Aside from stopping, the queue mechanism actually worked very well all by itself. It collected and logged every actionable event (this doesn't only include notifications, but logins, field changes, email and cell phone validation tests and more), and it stowed these events in it's repository for future processing exactly as it was designed to do. Nothing was lost, other than some time.

What worked not so well?

Basically, the queue halted, didn't recover on its own from having stopped, and the mechanisms in place to WAKE PEOPLE UP, never took any action at all.

Where are we right now?

ALL action items completed processing in approximately 53 minutes from the time the problem was discovered.
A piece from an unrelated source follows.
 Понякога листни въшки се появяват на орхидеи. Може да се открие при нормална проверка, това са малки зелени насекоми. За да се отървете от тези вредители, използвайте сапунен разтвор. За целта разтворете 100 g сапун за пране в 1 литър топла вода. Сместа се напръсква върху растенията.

You will have noticed leads and notices arriving in batches, shortly after the 1:51PM (ET) queue restart.

What have we done since?

We did a full investigation into the causes of both the stall to the queue and the failure of our monitoring intelligence.
We've developed a plan for refactoring parts of the code that monitor our queue daemons and associated services (email, SMS, APIs, load balancers, email and phone verification, certificate validation, etc.)
We've scheduled that code to be rolled out to our testing servers by Friday, July, 23rd, and our production servers on Sunday August 1st, 2021. (We do these types of updates during our lowest traffic periods)
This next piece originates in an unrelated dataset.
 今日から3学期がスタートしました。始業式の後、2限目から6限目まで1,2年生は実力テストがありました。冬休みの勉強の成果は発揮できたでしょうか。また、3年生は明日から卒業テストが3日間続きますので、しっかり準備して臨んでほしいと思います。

Thank you for your continued faith in our service, your trust and your business.

Chris Purser, CTO/CXO
& my entire team.

If you believe you have other issues related to this outage, please email the details to support@digitalpower.solutions.

Overall Event Stats


Queue Stall Start	7/15/21 - 12:33 am (ET)
Queue Restarted	7/16/21 - 1:51 pm (ET)
Queue Emptied (including new items)	7/16/21 - 2:44 pm (ET)
Duration of Anomaly	38hours : 13minutes
Percentage able to rerun	100%
Percentage unable to rerun	0%
Percentage rerun successfully	100%
Percentage rerun unsuccessfully	0%
Loss of data	0%

Stats of items delayed

Items	Held in Queue	Items resent	Loss %

Items	Held in Queue	Items resent	Loss %
Leads Converted - Autoresponder to Lead - EMAIL	534	534	0%
Lead Converted - Notice to Users - EMAIL	1633	1633	0%
Lead Converted - ADF emails sent - EMAIL	440	440	0%
Lead Converted - API Posts submitted - API	144	144	0%
Trade-In Text invitations - SMS	506	506	0%
Trade-In Text confirmations - SMS	217	217	0%
Users Updated	19	19	0%
Fields Updated	31	31	0%
Phone Numbers Validated	506	506	0%
Email Addresses Validated	534	534	0%